Mr. Serway: Ease of set up of a perfusion system to a disposable bioreator due to limited port sizes and locations available, as well as maintaining good agitation/mixing of the cell suspension without damage to cell/cell viability.
Mr. Whitford: As the technology is so new, the field of providers is young and robust. This creates a challenge for users to select the particular product and system provider meeting their diverse and dynamic requirements.
Factors users must consider include the manufacturer’s history in this field, ability to maintain and support the installation throughout the product lifecycle, and their demonstrated propensity to innovate and keep up with the field over time.
Another challenge arises from the nature of the industry. In small molecule manufacturing materials, and equipment are often sourced from disparate and independent providers.
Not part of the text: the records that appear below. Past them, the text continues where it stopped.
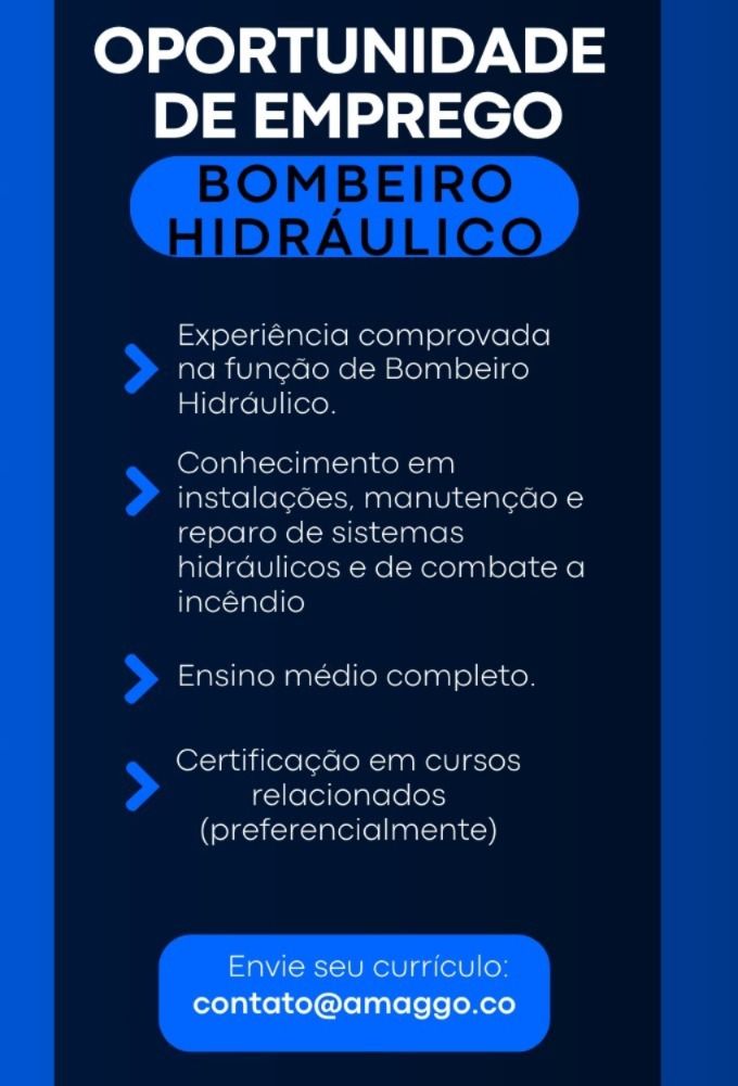 Empresa seleciona para vaga de Bombeiro hidráulico; Envie seu currículo!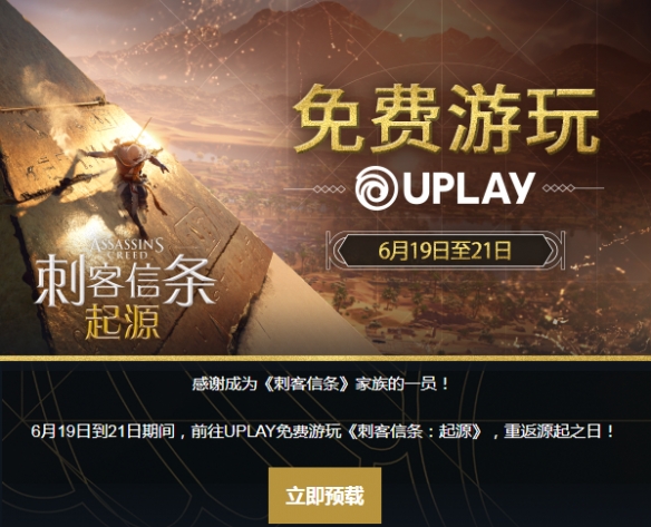 昨天育碧官方宣布旗下《刺客信条:起源》将于本周末开启免费试玩,时间从6月19日晚上9点持续至22日凌晨4点,目前游戏已开启预载。此外游戏本体还在育碧商城2折史低促销中,赶快加入《加速器特权网》超级会员一起畅玩吧!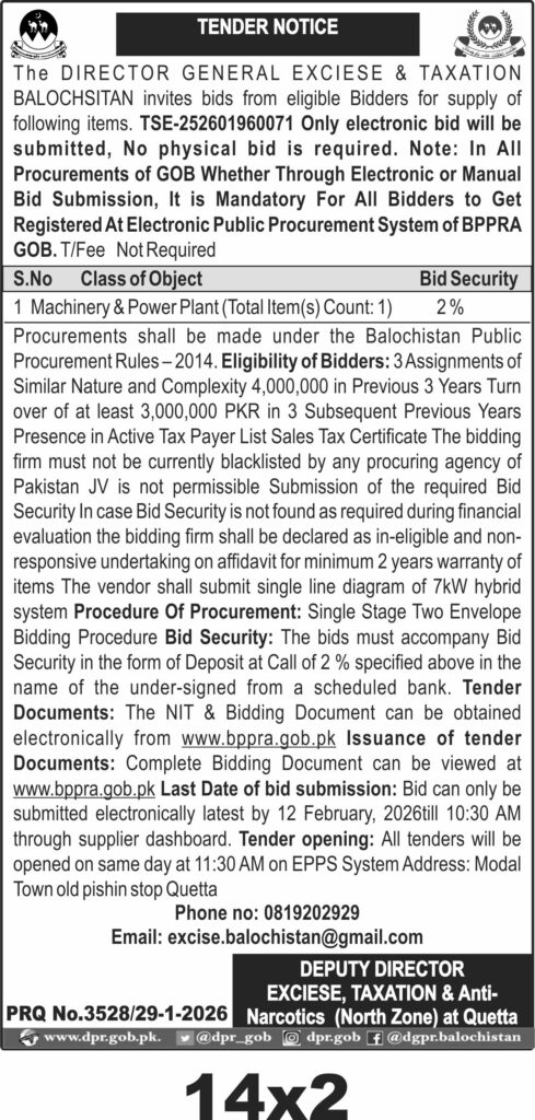 Supply of Machinery and Power Plant Equipment for Excise and Taxation Balochistan

But in many cell-based manufacturing modes there is a harmony and interdependency between the manufacturing equipment, the culture materials employed, and efficient operation of the system.
Therefore, it is incumbent upon the user to either carefully validate each component of the platform as part of a compiled system, or to purchase from a supplier who can supply validated systems of equipment including SUBs, culture materials such as media, and any required ancillary tools such as mixing and storage supplies.
Dr. Zoro: The relative fragility of thin film reactors (vs. stainless steel) neccesitates complex, painstaking, and time-consuming manual handling procedures when preparing the reactors and connections. Sterile sampling is also key issue, requiring sacraficial connector arrays and/or considerable operator time for drawing samples, particularly for multiparallel small scale systems.